Turns out that speechDuration will spit out how long the previous utterance was. And while speech is coming in it will default to nil. So with that, I created another published var "accumulatedTranscript" and checked to see if speechDuration != nil then append whatever the current transcript is, then reset the transcript to an empty string (to clear out the UI's text).
For the UI I'm using a combined var of accumulatedTranscript + transcript to give the appearance of a continuous stream of text. And from my screenshots you can see it will use the last transcript/final result that comes in after the pause
Some things worth noting:
- I haven't seen iOS17 display a non-nil speech duration so this solution shouldn't affect how iOS17 works but there may be some edge cases I'm not able to think of now.
- The new transcript appended will begin with a capital letter, you'll want to deal with this however you need to for your app (for me, I'll just make everything past the first word lowercase since the pause timer is finicky).
- I haven't done a robust test of this solution yet but I've tested on iOS18 simulator and physical device and iOS17 simulator only
- I'm not sure how this workaround will affect any changes Apple might make to address this so, you know, keep that in mind.
Thanks for those bug numbers (FB15166325
, FB15192539
). Those are both quite new, filed within the last few days, so there no news to report on that front yet.
Does anyone have a bug they filed earlier in the beta cycle?
Share and Enjoy
—
Quinn “The Eskimo!” @ Developer Technical Support @ Apple
let myEmail = "eskimo" + "1" + "@" + "apple.com"
@DTS Engineer
Another # FB15245186 though it's even more recent then the previous ones.
Wow that's pretty incredible this bug snuck into iOS 18.
There is also FB15110263 and FB15110251
I'm experiencing the same issue on iOS 18, although it works fine on older versions. The problem is that I'm receiving partial results, but the text disappears and returns as empty later in the repeated callbacks.
Adding the screenshot and code for reference here.
import UIKit import Speech
public protocol SpeechRecognizerWrapperDelegate: AnyObject { func speechRecognitionFinished(transcription: String) func speechRecognitionPartialResult(transcription: String) func speechRecognitionRecordingNotAuthorized(statusMessage: String) func speechRecognitionTimedOut() }
public class SpeechRecognizerWrapper: NSObject, SFSpeechRecognizerDelegate { public weak var delegate: SpeechRecognizerWrapperDelegate?
private let speechRecognizer = SFSpeechRecognizer(locale: Locale(identifier: (LocalData.sharedInstance.UPAppLanguage == LanguageCode.Hindi.rawValue) ? "hi-IN" : "en-IN"))!
private var recognitionRequest: SFSpeechAudioBufferRecognitionRequest?

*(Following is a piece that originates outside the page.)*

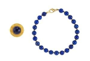 L'une à décor de granulation sertie d'un lapis-lazuli taille cab...

private var recognitionTask: SFSpeechRecognitionTask?
private let audioEngine = AVAudioEngine()
var notAuthorise = true
var noAuthStatus = ""
var allPermissionGranted:(()->())?
public override init() {
super.init()
setupSpeechRecognition()
}
private func setupSpeechRecognition() {
speechRecognizer.delegate = self
}
func requestAuthorization() {
if SFSpeechRecognizer.authorizationStatus() == .authorized && AVAudioSession.sharedInstance().recordPermission == .granted {
self.notAuthorise = false
return
}
self.notAuthorise = true
SFSpeechRecognizer.requestAuthorization { [weak self] authStatus in
guard let self = self else { return }
/*
The callback may not be called on the main thread. Add an
operation to the main queue to update the record button's state.
*/
OperationQueue.main.addOperation {
if authStatus != .authorized {
self.notAuthorise = true
self.noAuthStatus = ""
if authStatus == .denied {
self.noAuthStatus = "User denied access to speech recognition"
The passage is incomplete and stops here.